### [Problem description]
Find the line below with "サキグロタマツメタ(砂底～砂泥底)" and the line with "Pisciculture de St-Julien-en-Born". Output exactly those lines and everything between them, leaving out the pictures.

### [Supplied records]
..............................

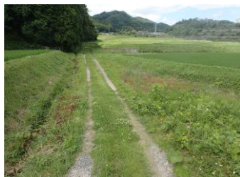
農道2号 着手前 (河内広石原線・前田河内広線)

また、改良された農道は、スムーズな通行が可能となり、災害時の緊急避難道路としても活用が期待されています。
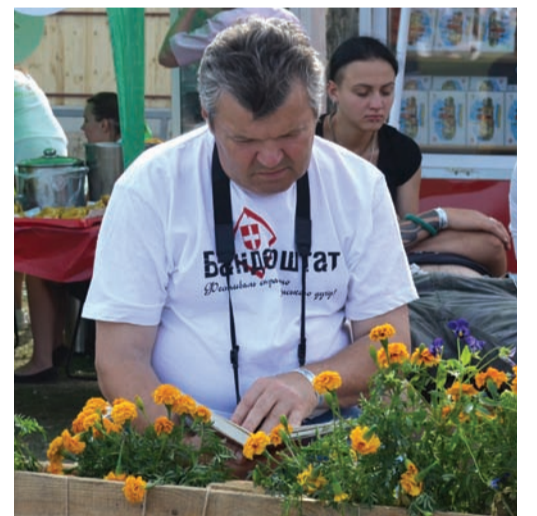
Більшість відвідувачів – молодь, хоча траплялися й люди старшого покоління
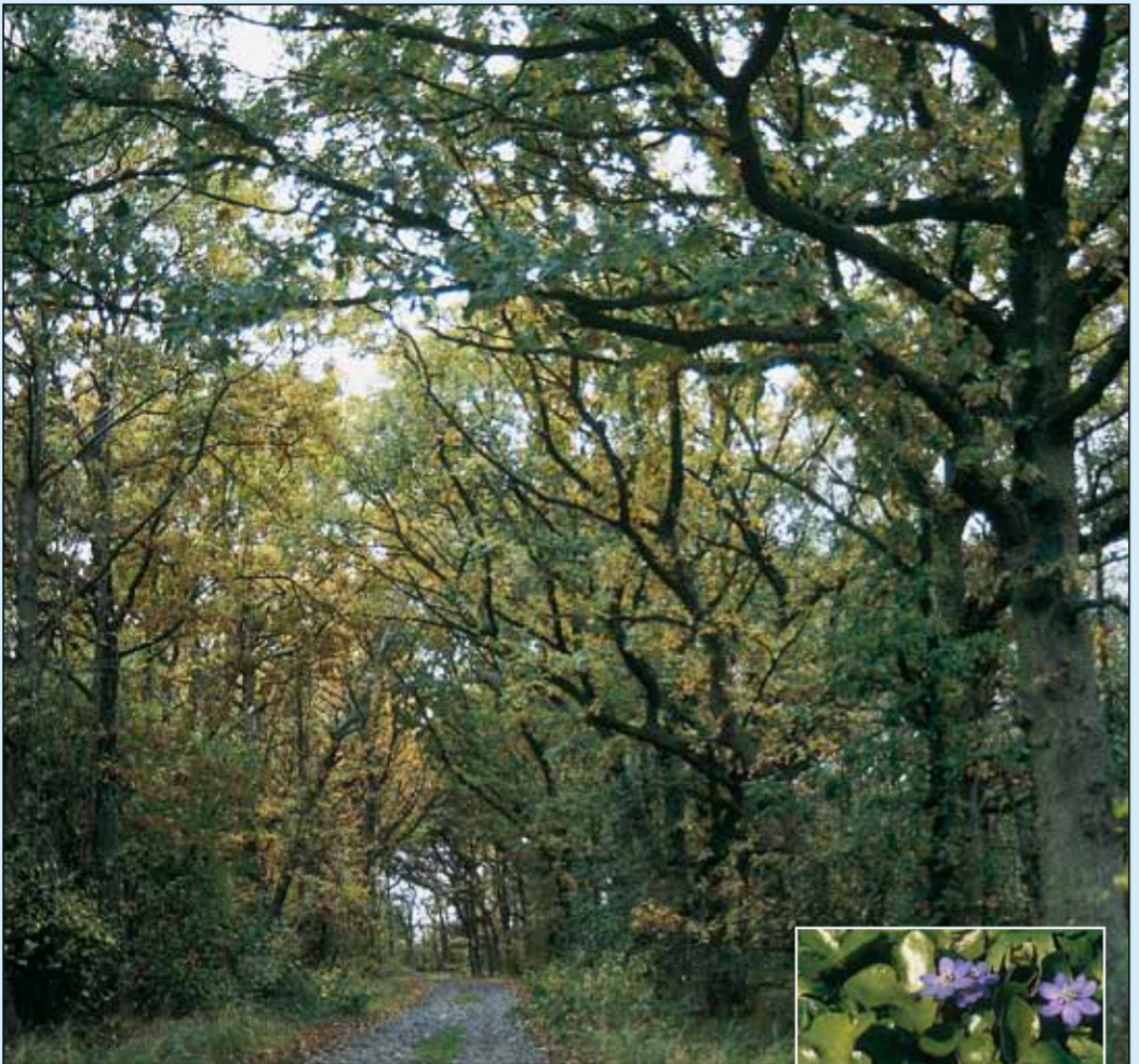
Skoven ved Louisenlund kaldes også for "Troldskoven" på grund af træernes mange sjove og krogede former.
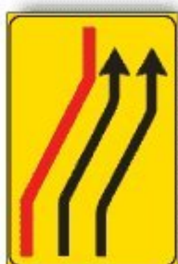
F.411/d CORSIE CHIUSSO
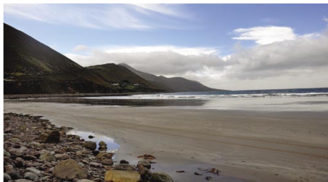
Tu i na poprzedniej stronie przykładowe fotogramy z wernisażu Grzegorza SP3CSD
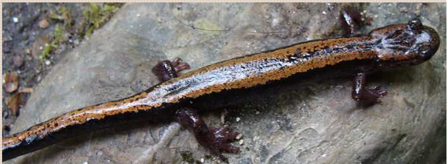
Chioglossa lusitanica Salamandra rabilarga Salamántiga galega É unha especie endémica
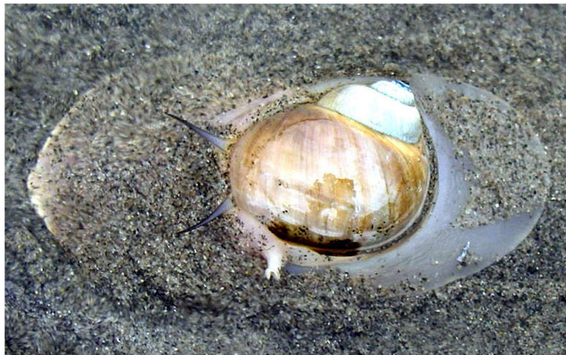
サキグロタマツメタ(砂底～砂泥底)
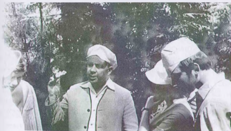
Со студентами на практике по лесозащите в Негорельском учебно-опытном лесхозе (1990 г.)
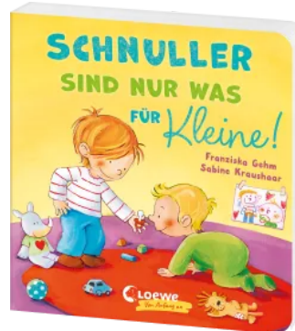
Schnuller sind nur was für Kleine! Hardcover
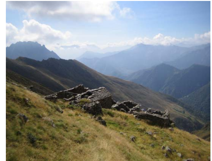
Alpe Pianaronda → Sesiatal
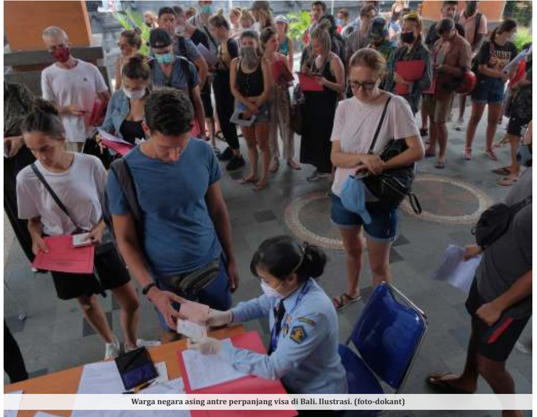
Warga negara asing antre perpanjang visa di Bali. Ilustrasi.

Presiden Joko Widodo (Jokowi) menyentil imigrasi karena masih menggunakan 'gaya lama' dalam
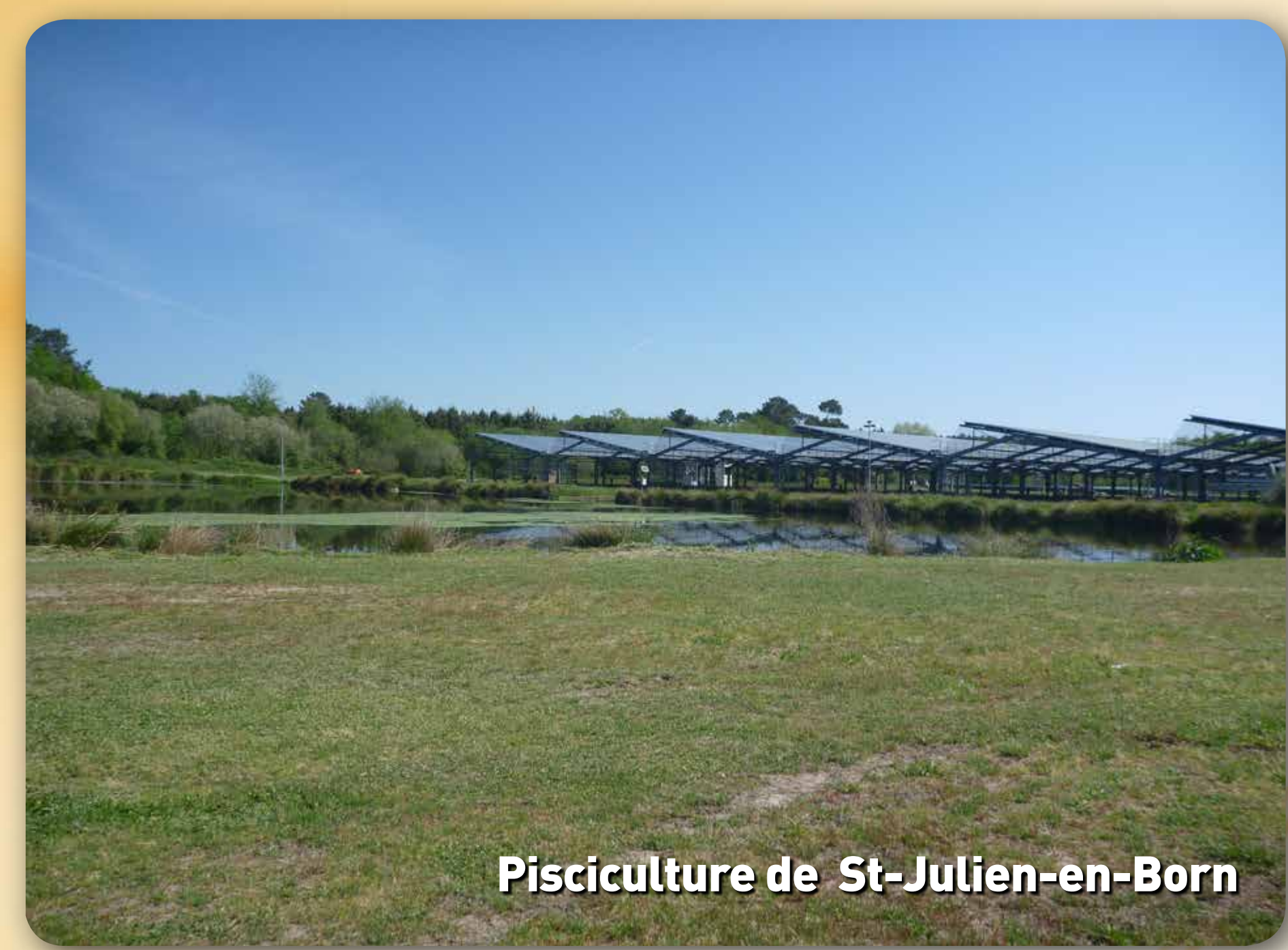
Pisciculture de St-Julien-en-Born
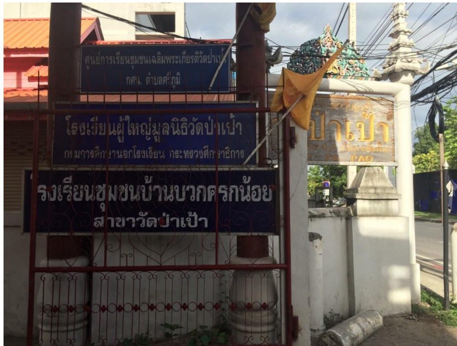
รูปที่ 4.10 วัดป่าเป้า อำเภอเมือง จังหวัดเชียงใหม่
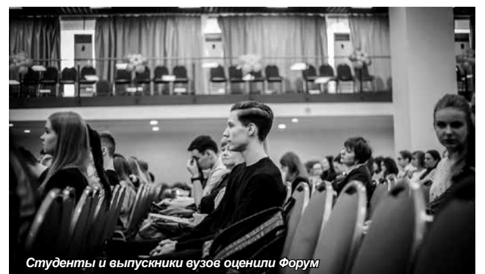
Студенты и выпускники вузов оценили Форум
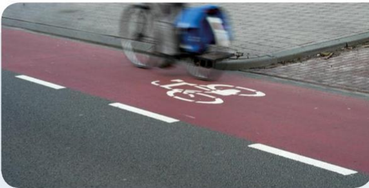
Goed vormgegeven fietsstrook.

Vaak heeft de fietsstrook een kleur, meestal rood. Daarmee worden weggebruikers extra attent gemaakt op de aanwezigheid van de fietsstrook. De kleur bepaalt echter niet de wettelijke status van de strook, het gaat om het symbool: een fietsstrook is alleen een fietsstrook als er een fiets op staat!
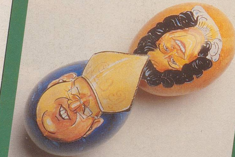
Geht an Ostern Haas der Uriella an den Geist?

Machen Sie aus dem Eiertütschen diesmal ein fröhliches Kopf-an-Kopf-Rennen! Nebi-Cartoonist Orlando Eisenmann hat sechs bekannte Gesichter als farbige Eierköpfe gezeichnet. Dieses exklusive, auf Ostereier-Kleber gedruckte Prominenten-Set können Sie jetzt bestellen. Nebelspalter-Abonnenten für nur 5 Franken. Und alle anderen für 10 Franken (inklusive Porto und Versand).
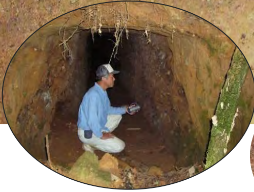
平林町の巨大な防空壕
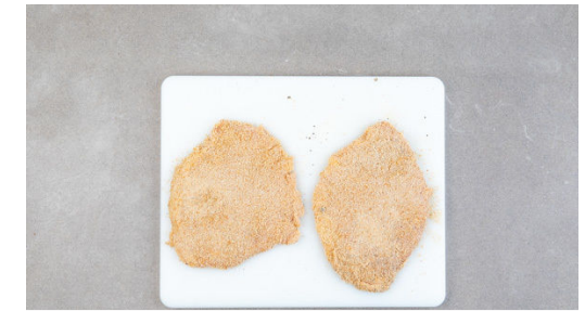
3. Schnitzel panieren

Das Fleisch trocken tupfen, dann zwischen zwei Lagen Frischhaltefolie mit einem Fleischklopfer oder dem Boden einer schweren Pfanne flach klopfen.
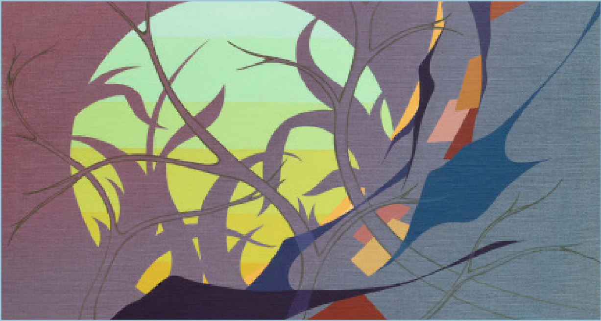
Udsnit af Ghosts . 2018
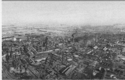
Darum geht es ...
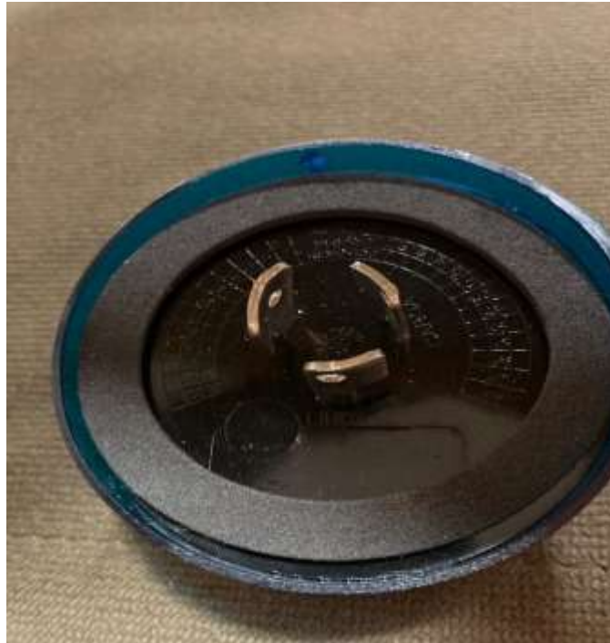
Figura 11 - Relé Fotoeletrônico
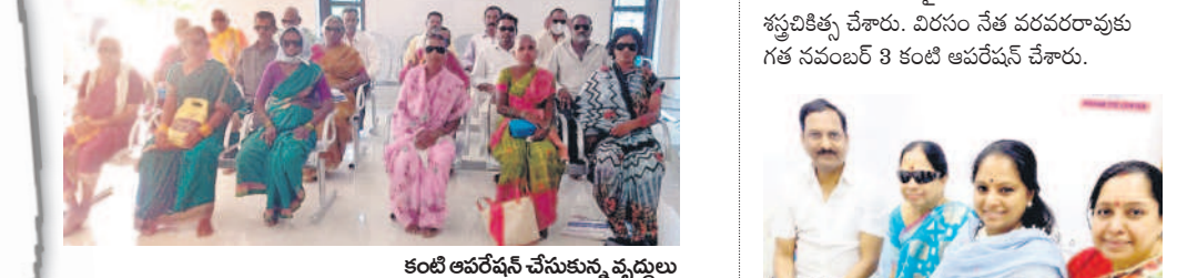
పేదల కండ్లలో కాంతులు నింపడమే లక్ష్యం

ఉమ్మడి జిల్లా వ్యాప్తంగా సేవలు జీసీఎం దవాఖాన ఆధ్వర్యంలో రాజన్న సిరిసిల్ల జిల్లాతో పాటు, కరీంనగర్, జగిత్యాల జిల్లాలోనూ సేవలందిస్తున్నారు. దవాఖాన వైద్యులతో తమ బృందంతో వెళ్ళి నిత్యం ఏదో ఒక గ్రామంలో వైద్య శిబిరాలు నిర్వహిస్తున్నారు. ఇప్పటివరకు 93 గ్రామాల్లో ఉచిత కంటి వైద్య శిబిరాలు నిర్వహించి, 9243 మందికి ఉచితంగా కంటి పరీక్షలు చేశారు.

..............................

### [Task output]
サキグロタマツメタ(砂底～砂泥底)
Со студентами на практике по лесозащите в Негорельском учебно-опытном лесхозе (1990 г.)
Schnuller sind nur was für Kleine! Hardcover
Alpe Pianaronda → Sesiatal
Warga negara asing antre perpanjang visa di Bali. Ilustrasi.

Presiden Joko Widodo (Jokowi) menyentil imigrasi karena masih menggunakan 'gaya lama' dalam
Pisciculture de St-Julien-en-Born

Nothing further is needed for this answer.